Burns Flashcards
Direct airway injury - pulmonary changes in burns
Causes direct tissue damage to upper airways by trying to absorb heat before reaching lower airways – tissue destruction & massive edema
Indirect airway injury - pulmonary changes in burns
Inhalation of noxious by-products (wood = CO, sulfur or nitrous = corrosive acids)
Circumferential burns
Create tourniquet effect - if on chest reduces chest compliance, FRC & mVe. May have to do escharotomy to area to prevent compartment syndrome
Initial cardiac changes (24-48 hours) in burns
Decreased CO - loss of volume, tourniquet effect like clamp on vena cava, endotoxins
Later cardiac changes (3-5 days) in burns
Increased CO from hypermetabolism- monitor UOP for adequate hydration!
Renal changes in burns
Decreased GFR - hypovolemia, myoglobinuria (electrical), hemoglobinuria – oliguria is sign of inadequate fluid resus.
Diuretics with burns
High voltage electrical burn, muscle burns or oliquria despite adequate CVP
Hepatic changes with burns
Hepatic injury from reduction in CO, absorbed toxins + drug toxicity, blood borne illnesses from multiple transfusions
Neurological changes with burns
Cerebral edema or increased ICP - HOB to 30, hyperventilate, maybe mannitol
Hematological changes with burns
Increased blood viscosity from fluid shifts - falsely elevated hgb/hct, thrombocytopenia initially, elevated platelet counts long term, if persistent hemolytic anemia – hematopoietic system adversely effected by burn, thrombocytopenia indicates sepsis
GI changes with burns
Ischemia from high levels of catecholamines, early enteral feeding to attenuate hypermetabolic response
Dobhoff placement for burns & anesthesia
Past duodenal sphincter - will not aspirate - leave TF going t/o surgery
TPN (hyperalimentation) and anesthesia
Don’t let it run out while in OR, check frequent sugars
Skin changes with burns
Not able to thermoregulate, maintain fluid & e-lytes & fight infection. 0.58 calories for every mL of evaporative water loss– children have greater BSA:wt ratio - effects magnified
Acute burns & albumin
Decreased circulating albumin = increase in plasma free fraction of drugs = more bang for your buck benzos & barbs
Acute burns & alpha-1 acid glycoproteins (A1AG)
Decrease in plasma free fraction of drugs - give very high doses of analgesics, locals, NDNMBAs
Half life of morphine with burns
Less than 1/3 the half life in similar child without burn
Succinylcholine & burns
Should not be given after 24 hours until 2 years post burn injury – hyperkalemia & cardiac arrest
ND-NMBAs & burns
Increased doses (2-5x more) - probably don’t use intubating dose unless you know you are going to have a really long surgery
Exogenous catecholamines & burns
Pay attention to epi/phenylephrine soaked gauze sponges placement & when they stop placing them… serious hypotension may happen if you aren’t paying attention
Stress ulcers & burns
High risk! prophylaxis with H2-receptor antagonist
First 24 hours of burn
Stabilization - ABC - protect airway early bc of edema especially if perioral burns and supplemental O2 to avoid CO poisoning.
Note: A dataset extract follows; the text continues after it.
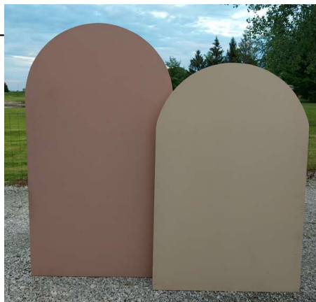
$145 for both

Circulation: large boer IV access with large amounts of fluid resuscitation 20 mL/kg/hr (avoid IV access in burn location when possible, and not below circumferential burns), maintain UOP 0.5 mL/kg/hr
Fluid mgmt of burns
Half the fluid calculated is delivered in first 8 hours, other half is next 16 hours, then maintenance
1st degree burn
Superficial, partial thickness
2nd degree brun
Superficial partial thickness (steam or scald, has blisters)
3rd degree burn
Full thickness, extension into SQ fat
4th degree burn
Full thickness involving deep tissues (even down to bone)
Intubations with burn patients
Subgloticc stenosis may start occurring due to multiple intubations, make sure to record tube size & cuff inflation so next person will know if they need to start with smaller tube
Tangential excision of burns
Layers of eschar shaved off until briskly bleeding tissue – rapid blood loss
Fascial excision of burns
Take all tissue including lymph & fat down to muscle fascia
Pre-determined stopping points in burn surgery
No greater than 15% BSA per surgical procedure,
Electrical burns mechanism & effects
Flow of current through resistant tissue generates heat, deep tissue injury likely (arterial, nervous system). All tx consider protection of renal fxn - will likely get severe myoglobinuria, hyperkalemia & ART - give copious IVF, osmotic/loop diuretics, alkalinize urine, dialysis.